8-12-08, 10:42 am
Original source:
Mérida, August 11, 2008 (venezuelanalysis.com)-- The Venezuelan government congratulated Bolivian President Evo Morales for a successful national referendum Sunday in which Morales’s presidency was ratified by a record 63.1 percent of the vote. As a show of support, Venezuela, a close ally of the Morales administration, pledged to finance, along with Iran, a cement construction company to help the Bolivian government build housing and economic infrastructure.
“The President of the Bolivarian Republic of Venezuela, Hugo Chávez Frías, together with the Venezuelan people, celebrates the victory achieved by the valiant Bolivian people today,” declared the Venezuelan Foreign Relations Ministry in a statement Sunday.
President Morales and Bolivia’s state governors were submitted to a referendum on their terms in office Sunday. The referendum was a compromise between the government and a separatist movement in Bolivia's wealthiest, most natural resource-rich eastern provinces to establish once and for all whether the federal government, national constitution, and regional leaders are legitimate.

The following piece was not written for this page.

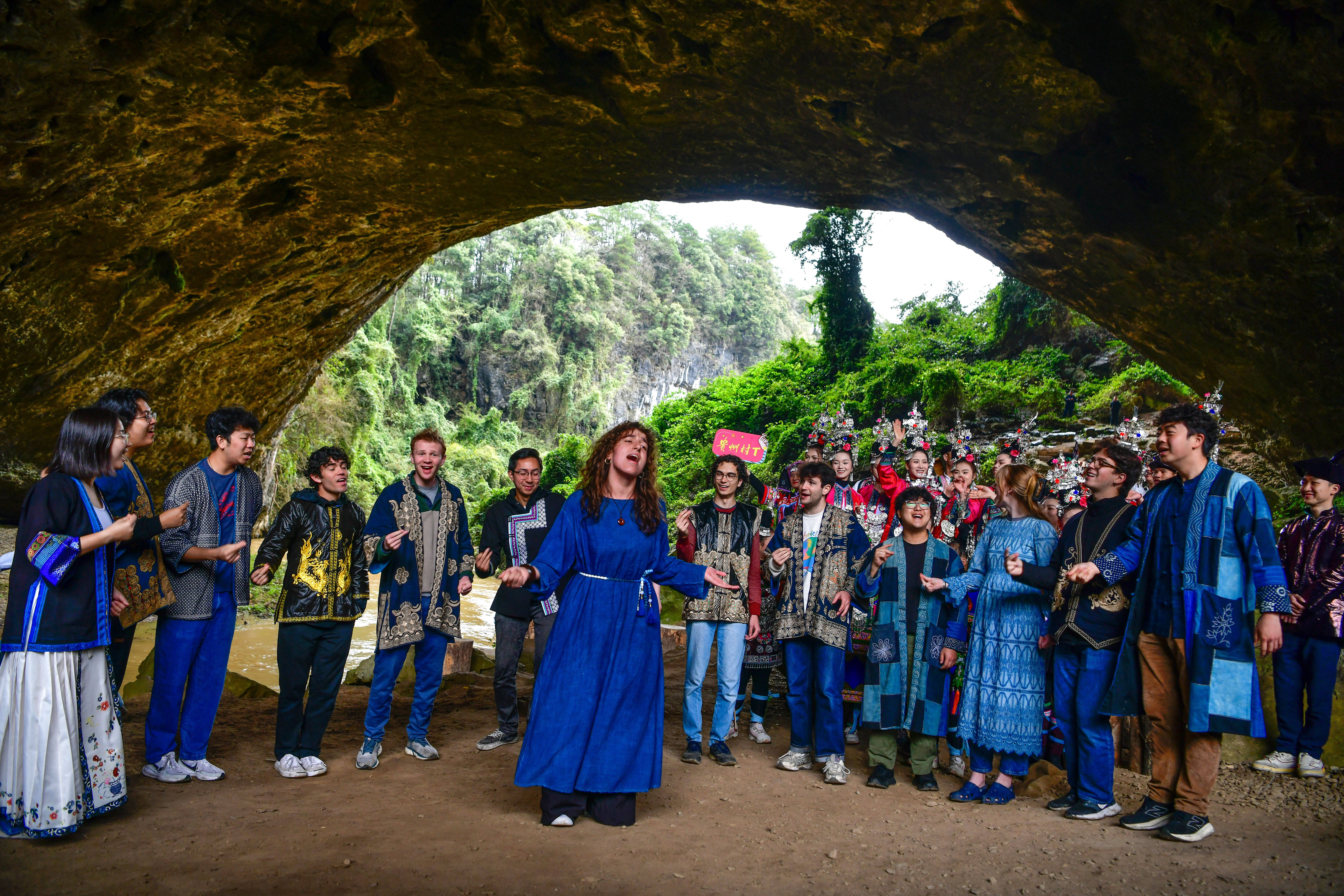 3月24日,在贵州省黎平县天生桥景区,好意思国耶鲁大学威芬普夫斯阿卡贝拉齐唱团在演唱歌曲。

Morales, Bolivia’s first ever indigenous president who was elected in 2005 with 53.7 percent of the vote, received more than 63% of the vote in his favor Sunday. He received overwhelming support in the western highlands where the indigenous majority of Bolivia is concentrated.
The rural populations in the separatist eastern provinces also voted overwhelmingly for Morales. In the Santa Cruz province, for example, Morales received 33.8 percent of the vote in the province’s capital, while in the rural areas of that province he received 58.3 percent.
Morales told a crowd of supporters Sunday that the ratification of his term “consolidated the process of change,” and said his government would “continue recovering natural resources and the consolidation of nationalization.”
The mandates of the separatist governors of Bolivia’s four eastern provinces, Santa Cruz, Tarija, Pando and Beni, were also ratified Sunday. In the rest of the country, three governors were recalled; two of them opponents of the Morales administration, and a Morales ally was ratified.
The governor of Santa Cruz called his ratification “the people's mandate” and told a crowd of mostly non-indigenous supporters that the autonomy movement would now move forward against the “dictatorship” of President Morales. Opposition governor Manfred Reyes, who was ousted by the people of Cochabamba province Sunday, refused to step down.
President Chávez, whose presidential term was ratified by popular vote in an opposition-initiated recall referendum in 2004, contacted President Morales personally Sunday to express the “firm intention of the Bolivarian Government to continue accompanying the democratic and cultural revolution advanced by our brotherly people of Bolivia.”
Venezuela and Iran agreed Saturday to grant Bolivia $225 million to create a state-run cement enterprise, according to Bolivia’s vice minister of medium and large businesses, Eduardo Peinado.
“The plant will have the capacity to produce 700 tons of cement per year, and this will be destined principally for the construction of roads and houses for Bolivians,” said Peinado. He added that in Bolivia there are several private cement companies that are controlled by the elite opposition to the government, which seeks to sequester strategic resources in order to destabilize the country.
Venezuelan Foreign Minister Nicolás Maduro assured that Morales's victory would help strengthen the economic cooperation between Bolivia and Venezuela in the context of the Bolivarian Alternative of the Americas (ALBA), a fair trade bloc in which Bolivia, Venezuela, Cuba, Nicaragua, and Dominica participate as an alternative to the free trade agreements pushed by the United States.
“The empire seems to not understand the processes of change that are going on in Latin America, especially South America, which are aimed at a profound transformation away from the economic model toward the social model,” declared Maduro Monday after celebrating the referendum results he deemed to be “a ratification of the democratic, peaceful path.”
The Chávez administration faces a separatist movement in Venezuela’s principal oil-producing state of Zulia, whose governor, Manuel Rosales, was the opposition candidate who Chávez defeated in the 2006 presidential election. According to pro-Chavez Zulia state legislators, separatist leaders have met with the leaders of separatist movements in both Bolivia and Ecuador with consultation from the United States.
In a press conference on Monday, President Chávez called the Morales victory a “victory of our America, a victory against imperialism.”